On Monday, the Volcker Alliance—a nonpartisan, nonprofit organization launched in 2013—issued a report warning that “failure to reorganize the regulatory structure will contribute to the buildup of systemic risk and make us more vulnerable to the next financial crisis.”
Among the proposals it offers is merging the Securities and Exchange Commission and Commodity Futures Trading Commission to create a new, independent investor protection and capital market conduct regulator. A similar move was initially planned for, but dropped, from the Dodd-Frank Act.
The new entity would be governed by a board of five members, each appointed by the president and confirmed by the Senate to staggered seven-year terms without regard to political party affiliation. It would be funded through fees and assessments, not including fines and penalties.

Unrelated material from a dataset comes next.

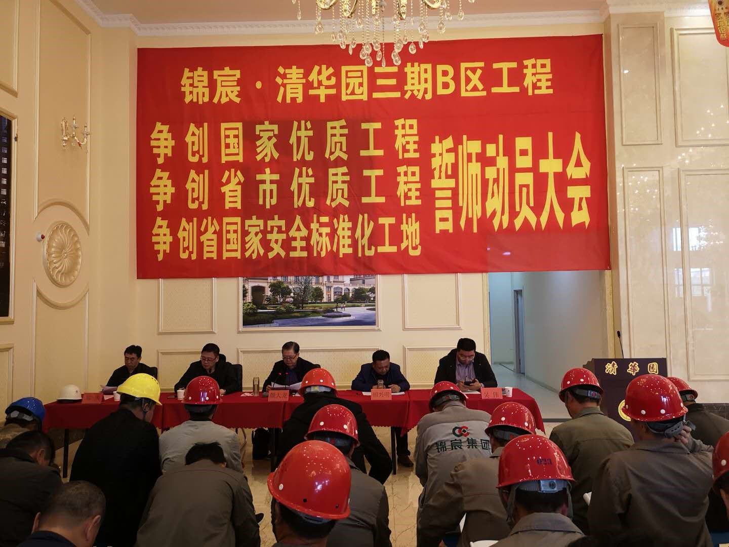 2019年4月28日下午3时,吉林HJC黄金城平台房地产开发有限公司、HJC黄金城平台集团有限公司梅河口直属项目部在吉林省梅河口市清华园售楼中心召开了清华园三期B区工程争创国家优质工程、争创省市优质工程、争创省国家级安全标准化工地誓师再动员大会,项目部、监理部、物业部、开发公司全体管理人员、各劳务班组负责人、材料供应商、房屋销售人员等100多人出席了会议,会议由开发公司副总经理王彬同志主持。

The new regulator would combine the current rulemaking authority of the SEC and the CFTC, but prudential supervision of broker-dealers, swap dealers, derivatives clearing organizations, futures commodity merchants, and money market funds would be shifted to a new Prudential Supervisory Authority (more on that in a moment).
The Financial Stability Oversight Council would continue its current role, but be required to establish a Systemic Issues Committee to vote on designations of systemically important financial institutions and evaluate risky activities and practices. It would be composed of the chairman of the Federal Reserve, chairman of the Federal Deposit Insurance Corporation, director of the Federal Housing Finance Agency, director of the Consumer Financial Protection Bureau, the chair of a new Investor Protection-Capital Market Conduct Regulator (created by combining the SEC and CFTC), the director of the Office of Financial Research, and a state insurance commissioner.
The SIC would have the ability to designate SIFIs and require new or enhanced prudential standards and safeguards on all activities and practices that could pose a threat to systemic stability even if conducted outside the present sphere of prudential supervision.
The OFR would be moved out of the Treasury Department and become an independent entity, with its director appointed by the president and subject to Senate confirmation.
A new Prudential Supervisory Authority would be an independent agency with a strong link to the Federal Reserve, the report proposes. Its purview would encompass the prudential supervisory functions currently performed by the Federal Reserve, the Office of the Comptroller of the Currency, and FDIC for bank and thrift holding companies, state and federally chartered depository institutions, branches of foreign banking organizations, financial market utilities, and SIFIs. It would also take over prudential supervisory functions currently performed by the SEC and CFTC. The PSA would have a special division for the supervision of community banks and be funded through either industry assessments or the Federal Reserve System
The Federal Reserve Board would have rulemaking authority for establishing prudential standards, including setting capital, liquidity, and margin requirements. The PSA would be authorized to propose related regulations or guidelines to the Federal Reserve for approval.
To enhance interagency coordination, an independent member of the PSA would serve on the board of the FDIC, replacing the Comptroller of the Currency, an agency that would be eliminated as part of the restructuring.